TASK ▸
In the material below, find the line with "Almutairi’s objection reads." and the line with "シックな雰囲気のドレープカー", then output both and every line between them exactly, omitting pictures.

DATASET EXTRACT Start Marker

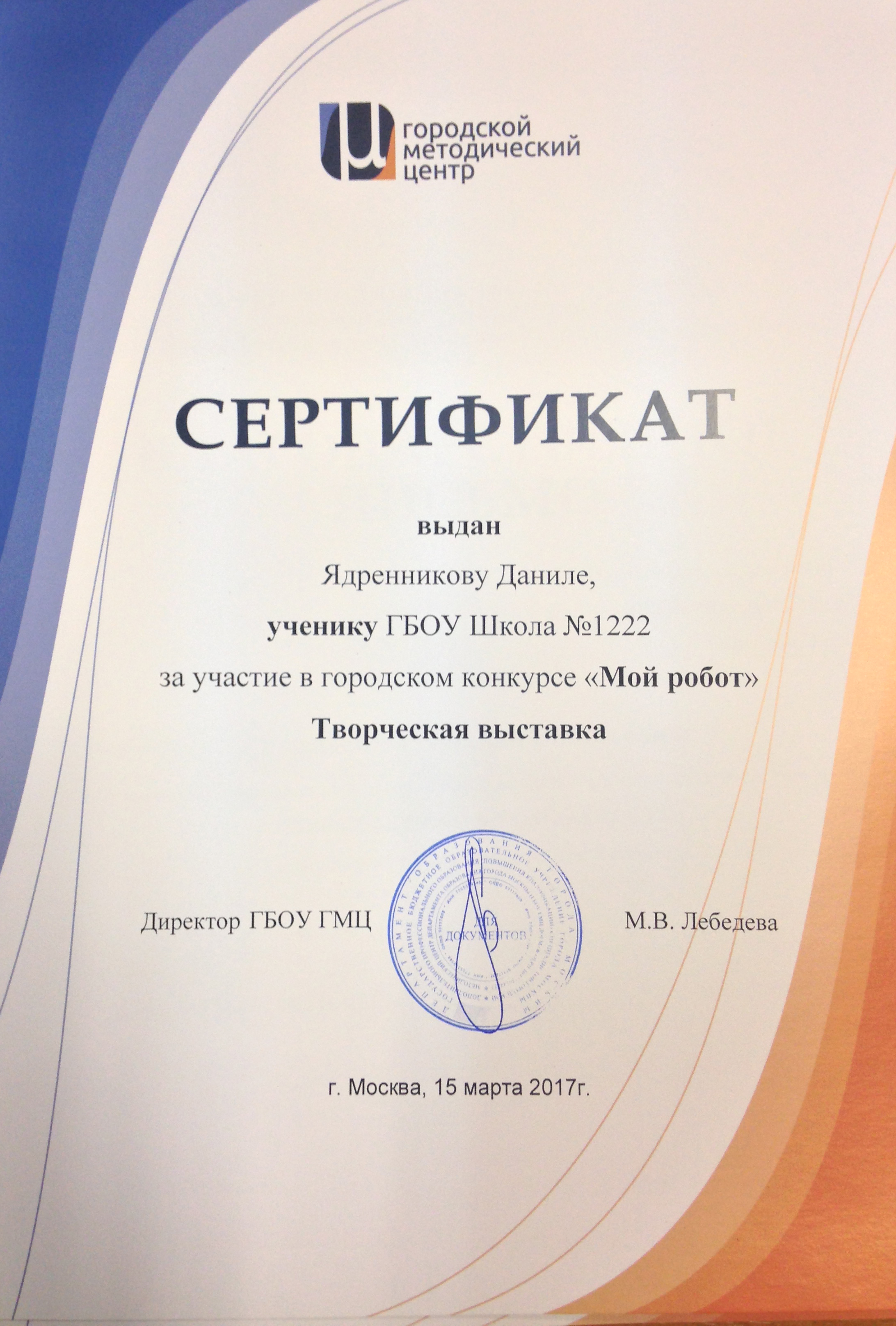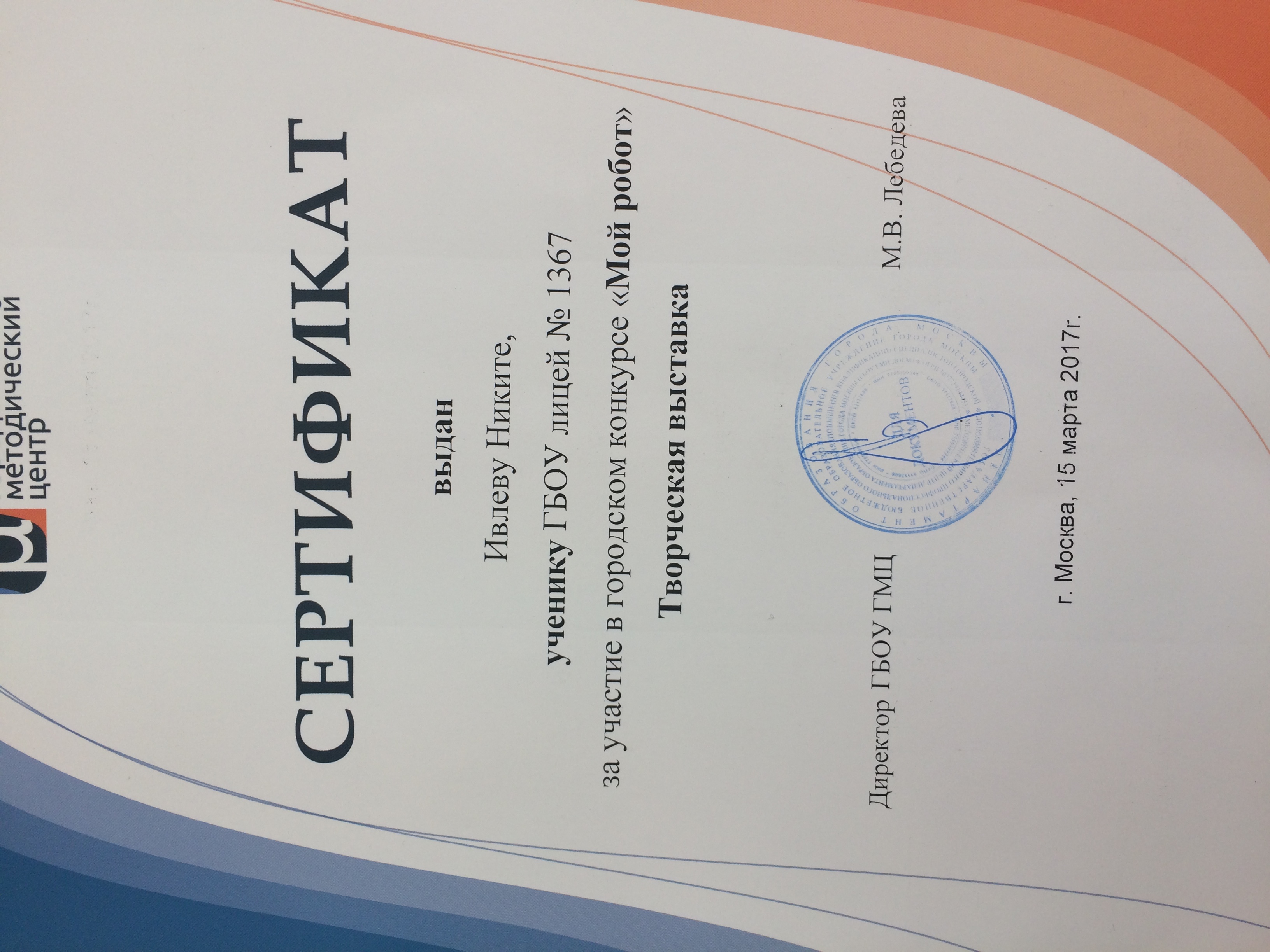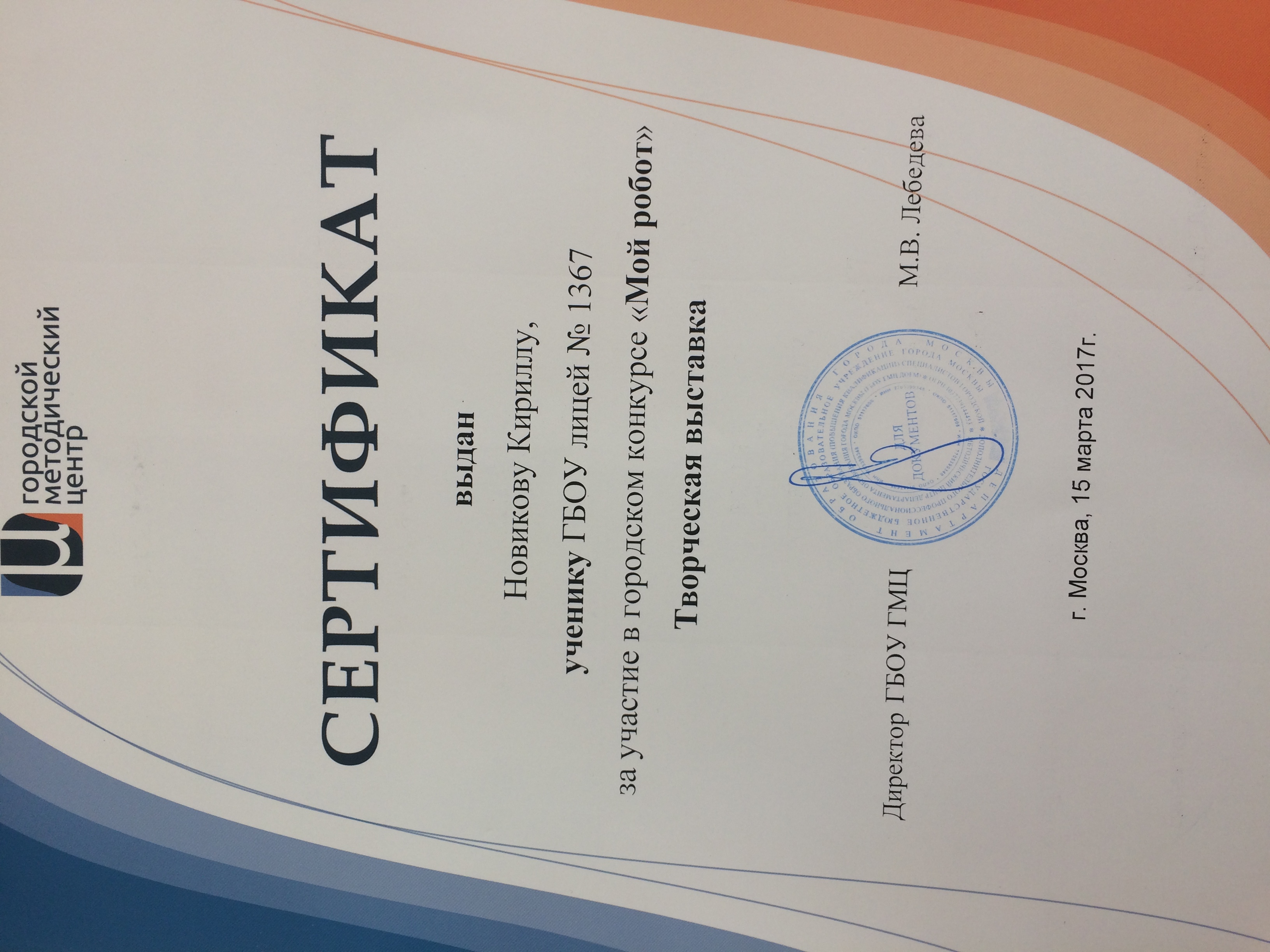 4) Сертификат участника творческой выставки в городском конкурсе “Мой робот”, ГМЦ, г. Москва, 2017 г. (ссылка 1 ссылка 2 ссылка 3)
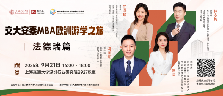 深圳活動(dòng)報(bào)名 | 9月21日,海外游學(xué)賦能商科成長(zhǎng):交大安泰 MBA 海外游學(xué)分享會(huì)即將開啟
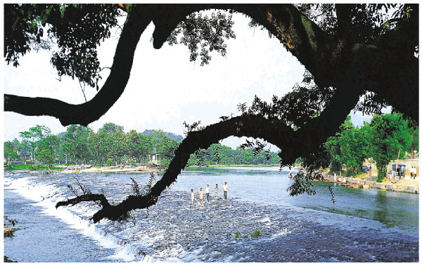 在古树的映衬下,灵渠更显出它的灵动和活力。(兴安县文广体旅局供图)
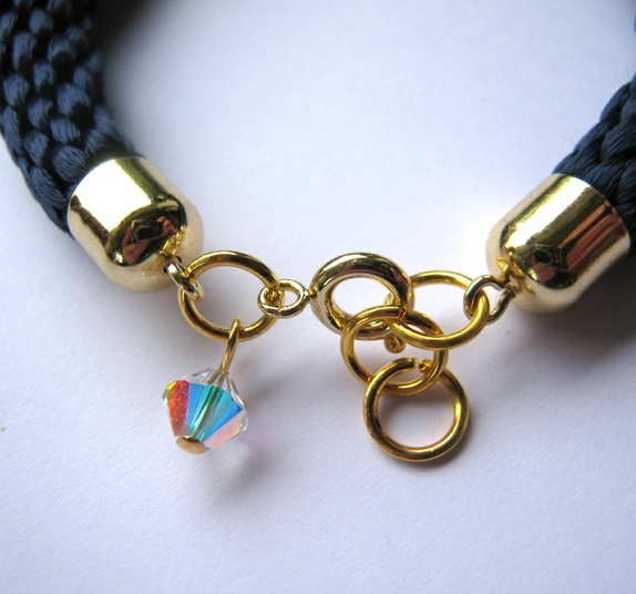 Armbånd i flettet 1 mm satengsnor med endestykker/ lås/ o-ringer i forgylt metall, swarovskikrystall ved låsen.
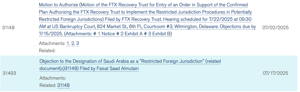 “By categorizing claimants in certain countries as ineligible for distributions, the plan discriminates unfairly. My country does not prohibit cryptocurrency ownership or trading, and regulatory fears are speculative and not a valid legal basis for denying recovery,” Almutairi’s objection reads.
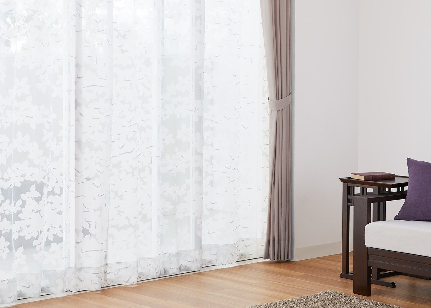 シックな雰囲気のドレープカーテンにリーフ柄のフォーレを合わせると、カーテンの開け閉めで印象の違いを楽しむことができます。(写真はホワイト ノンタック。
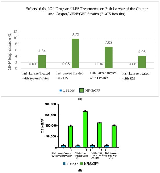 (A). Bar chart presenting GFP expression in Casper Tg(NF-κB:GFP) zebrafish larvae under different treatment conditions.Fluorescence-activated cell sorting (FACS) analysis of GFP expression in the zebrafish larvae following different treatments. The LPS-treated group shows the highest GFP expression (9.79%), confirming a significant inflammatory response. The LPS + K21 co-treatment group exhibits a reduction in GFP expression (7.08%), indicating the anti-inflammatory effect of K21. The K21-only treatment group (4.05%) shows GFP levels comparable to the control group (4.34%), demonstrating that K21 does not induce inflammation on its own. These results support the role of K21 as a modulator of inflammation, effectively reducing LPS-induced NF-κB activation in zebrafish larvae. (B). Bar chart presenting the AFI of GFP expression in Casper Tg(NF-κB:GFP) zebrafish larvae along with corresponding non-transgenic control Casper zebrafish larvae under different treatment conditions. Fluorescence-activated cell sorting (FACS) analysis of GFP expression in the zebrafish larvae following different treatments. Blue bar show the Casper line and green bars show GFP expression.

DATASET EXTRACT End Marker

ANSWER BOX ▸
 “By categorizing claimants in certain countries as ineligible for distributions, the plan discriminates unfairly. My country does not prohibit cryptocurrency ownership or trading, and regulatory fears are speculative and not a valid legal basis for denying recovery,” Almutairi’s objection reads.
 シックな雰囲気のドレープカーテンにリーフ柄のフォーレを合わせると、カーテンの開け閉めで印象の違いを楽しむことができます。(写真はホワイト ノンタック。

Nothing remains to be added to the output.